Something I don't understand in regression models:
Following the definition of $R^2$, $$R^2=1-\frac{SS_{error}}{SS_{total}}$$ the adjusted R-squared is set as: $$\bar{R}^2=1-\frac{SS_{error}/df_{error}}{SS_{total}/df_{total}}$$ Now, as we have the equivalent definition of $R^2$, $$R^2=\frac{SS_{regression}}{SS_{total}}$$ why don't we use an adjusted R-squared set as: $$\bar{R}^2=\frac{SS_{regression}/df_{regression}}{SS_{total}/df_{total}}$$ A subsidiary question is: is there really equivalence between the two expressions of $R^2$ ? Or should one be preferred to the other? (I didn't find any paper showing who introduced first the $R^2$ and in which form)

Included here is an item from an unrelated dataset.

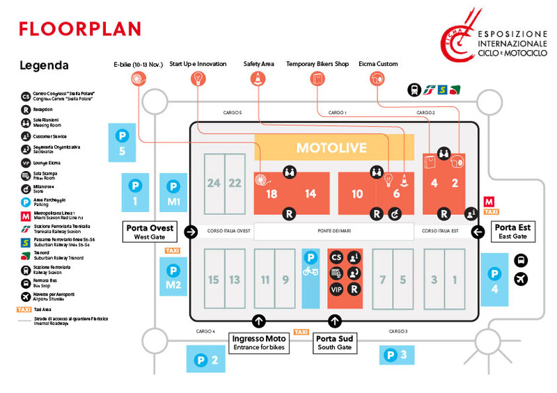 Dopo la ricollocazione dello scorso anno per concomitanze dovute ad EXPO, EICMA torna alla solita disposizione "allungata", nei padiglioni pari dal 2 al 18. Il Salone sarà aperto al pubblico da giovedì 10 fino a domenica 13 novembre, mentre martedì 8 e mercoledì 9 saranno riservati a stampa ed espositori.

Your formula wouldn’t work, because (using your terminology) you’d have:
$\overline{R}^2 = \frac{SS_{regression}/df_{regression}}{SS_{total}/df_{total}} = \left(1- \frac{SS_{error}}{SS_{total}} \right) \frac{df_{total}}{df_{regression}}$
For a simple linear regression with many data points, this would potentially be much larger than 1.
For your subsidiary question, I’m assuming that $SS_{regression}$ refers to what I’ve heard called the explained sum of squares (ESS), and $SS_{error}$ refers to the residual sum of squares (RSS), in which case the equivalences of the formulas comes from TSS = ESS + RSS for a simple linear regression.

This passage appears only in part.